The platform processes over 11 million songs (a number that continues to grow daily) through a multi-level semantic engine. At its core, LyricLens employs Amazon Bedrock’s Nova family of foundation models, specifically designed for this use case after a thorough evaluation period. The selection of Amazon Nova models was driven by several key factors that align with production LLMOps requirements.
Amazon Bedrock provides a fully serverless infrastructure where Music Smatch doesn’t need to manage underlying hardware or scaling concerns.
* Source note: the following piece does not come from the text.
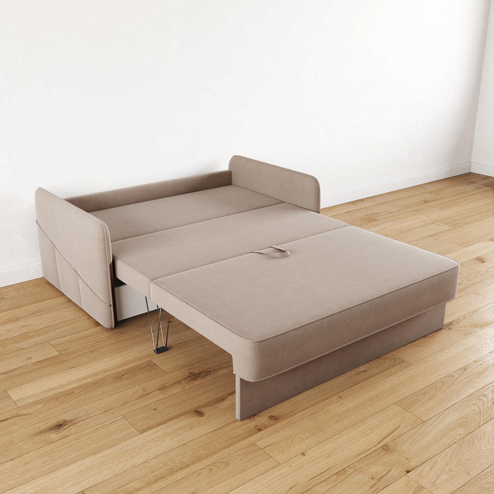 Механизм трансформации «Трёхсекционная Еврокнижка». Для трансформации нужно приподнять и вытянуть вперёд сиденье, затем опустить спинку. Двигается только передняя часть, поэтому отодвигать диван от стены не требуется.

The Nova model family includes several variants optimized for different use cases: Nova Micro (text-only, fastest and most economical), Nova Lite (multimodal with 300K token context window), Nova Pro (higher accuracy with 300K context window, comparable to Claude 3.5 Sonnet), and Nova Premiere (highest accuracy with 1M token context window, comparable to Claude 3.7 Sonnet).
Music Smatch selected Amazon Nova Pro as one of the primary models for song analysis, indicating they prioritized the balance between accuracy and cost for complex document analysis tasks. The long context windows (300K to 1M tokens) proved particularly valuable, as demonstrated in the presentation where the entire Dante’s Inferno (all 34 cantos) was processed in a single request to extract specific information about Ulysses references.
A critical capability highlighted was Amazon Nova’s native video understanding without requiring frame sampling or pre-processing, though this appears less central to the LyricLens use case focused primarily on text analysis. More relevant was the multimodal capability to handle text with rich metadata.
One of the more sophisticated LLMOps techniques employed is model distillation, which addresses a common production challenge: balancing accuracy with cost and latency. The presentation explained how Music Smatch could use larger “teacher” models (like Nova Premiere or Nova Pro) to transfer knowledge to smaller “student” models (like Nova Lite or Nova Micro) for specific use cases.
The distillation process involves providing the teacher model with comprehensive information about a specific use case, then using its outputs to train or guide the student model. This approach allows the system to achieve the accuracy of more performant models while maintaining the cost efficiency and response times of smaller models. For a platform processing billions of tokens, this optimization strategy is critical for sustainable scaling.
The presentation noted that as Nova models continue to evolve, there’s potential to migrate certain workloads to even lower-tier models, further reducing costs, or to employ model distillation more extensively to improve accuracy of smaller models while maintaining cost advantages.
LyricLens functions as a multi-level semantic engine that performs several analytical tasks on each song:
The system scans lyrics and decomposes language into individual words, connecting them through a knowledge graph structure. This graph-based approach enables sophisticated relationship mapping between concepts, entities, and themes. For each song, the platform extracts:
The granularity of extraction is remarkable. Rather than simple binary classifications (explicit/clean), the system provides approximately 1,000 parameters for content rating, identifying specific types of sensitive content. This level of detail enables precise filtering - for example, creating playlists of “low-tempo Italian rap without profanity” or “pop hits about feminism from 2024.”
One of the most interesting LLMOps aspects of the case study is the evaluation methodology employed during the model migration. When Music Smatch decided to evaluate Amazon Nova models as potential replacements for their existing provider, they needed a robust way to assess whether the new models could maintain or improve upon existing accuracy.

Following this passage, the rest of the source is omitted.